The latest CMS rule reflects a broader shift toward data‑driven oversight of durable medical equipment, prosthetics, orthotics, and supplies (DMEPOS). By expanding the face‑to‑face (F2F) and written‑order (WOPD) list to include eight oxygen‑related codes, regulators are directly addressing a sector that accounted for an 11.3% improper‑payment rate in 2024—roughly $81 million. This move forces providers to substantiate medical necessity with more granular documentation, a step that aligns with the agency’s goal of tightening program integrity while preserving patient access through telehealth pathways where eligibility criteria are met.

Prior authorization requirements now cover seven additional items, notably five orthotic codes and two pneumatic compression devices, which have historically exhibited high error rates—up to 79% for compression devices. The inclusion of these items is expected to slash unnecessary payments by 20%, translating into $32 million in annual savings for Medicare. For hospitals and outpatient facilities, especially those in the six states subject to the WISeR model, this translates into increased pre‑claim review workloads and the need for robust compliance infrastructure to avoid claim denials.

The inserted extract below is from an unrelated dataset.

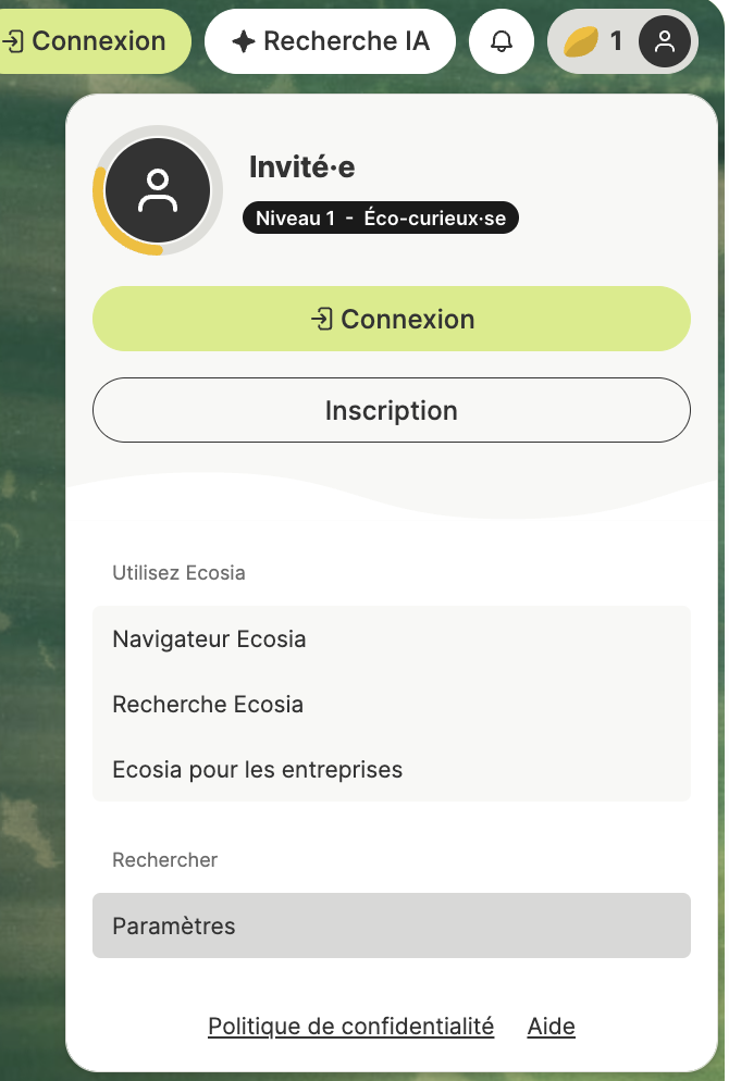 - Cliquez sur l'icône de profil en haut à droite de la page d'accueil d'Ecosia.
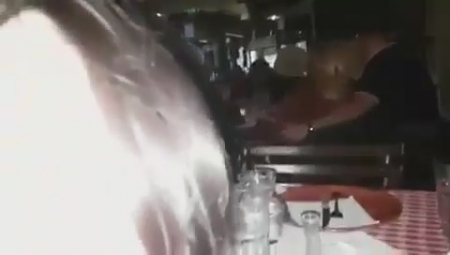 Веселая бабца удивила бойфренда неожиданной выходкой. Пара пришла покушать в шумную кафешку, где за соседним столом корпоратив развлекает мексиканец на гитаре. Брюнетка мило вытащила хуй приятеля из штанов и начала ему сосать, попутно отдрачивая рукой под столом. Обожранный соседний столик всего в нескольких метрах, но никто не спалил ныряющую под скатерть голову. На всякий случай еще и рукой прикрыто.

Beyond immediate financial implications, the expansion of the Master List with 18 new high‑risk HCPCS codes signals a proactive stance against emerging fraud patterns. Items such as wound dressings, glucose monitor supplies, and certain prosthetic components have shown unexplained price spikes and billing anomalies, prompting closer monitoring. Stakeholders must invest in advanced analytics and electronic health‑record integration to ensure documentation meets the heightened standards, thereby mitigating audit risk while continuing to deliver essential care to beneficiaries.